Penyidik KPK kemudian kembali menetapkan Catur Prabowo sebagai tersangka dalam kasus dugaan TPPU pada Senin (21/8/2023).

Kasus tersebut, tutur penyidik lembaga antirasuah, berawal pada tahun 2017. Tersangka TS saat itu menerima perintah dari CP yang waktu itu masih menjabat Direktur Utama PT Amarta Karya.

Catur memerintahkan Trisna dan pejabat di bagian akuntansi PT Amarta Karya untuk menyiapkan sejumlah uang untuk kebutuhan pribadinya. Sumber dana tersebut berasal dari pembayaran berbagai proyek yang dikerjakan PT Amarta Karya.

Bersama dengan beberapa staf di PT Amarta Karya, tersangka TS kemudian mendirikan badan usaha berbentuk CV yang digunakan untuk menerima pembayaran subkontraktor dari PT Amarta Karya tanpa melakukan pekerjaan alias fiktif.

Pada tahun 2018, beberapa badan usaha CV fiktif dibentuk sebagai vendor yang akan menerima bermacam transaksi pembayaran dari kegiatan proyek PT Amarta Karya.

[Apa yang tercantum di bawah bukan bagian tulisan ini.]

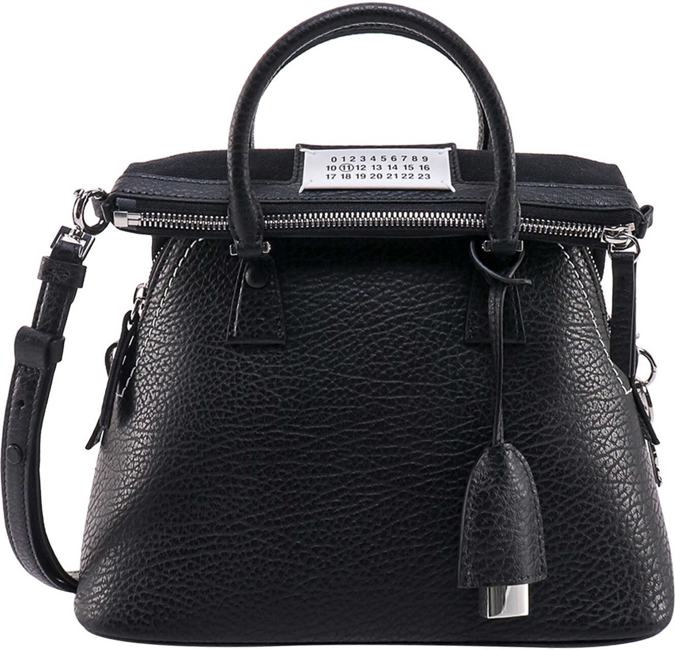 Leather handbag with with logo patch

Hal ini sepenuhnya diketahui oleh tersangka CP dan TS.

Untuk mengajukan anggaran pembayaran kepada vendor, tersangka CP selalu memberikan disposisi “lanjutkan” bersama dengan persetujuan surat perintah membayar (SPM) yang ditandatangani oleh tersangka TS.

Staf di bagian akuntansi PT Amarta Karya, yang merupakan orang yang dipercayai oleh CP dan TS, mengendalikan buku rekening bank, kartu ATM, dan bonggol cek dari badan usaha CV fiktif tersebut. Hal ini bertujuan untuk mempermudah pengambilan dan pencairan uang sesuai dengan permintaan dari tersangka CP.

Uang yang diterima oleh tersangka CP dan TS kemudian diduga digunakan untuk membayar tagihan kartu kredit, membeli emas, melakukan perjalanan pribadi ke luar negeri, membayar keanggotaan di klub golf, serta memberikan kepada beberapa pihak terkait lainnya.

Tindakan kedua tersangka ini diduga telah menyebabkan kerugian keuangan negara sekitar Rp46 miliar.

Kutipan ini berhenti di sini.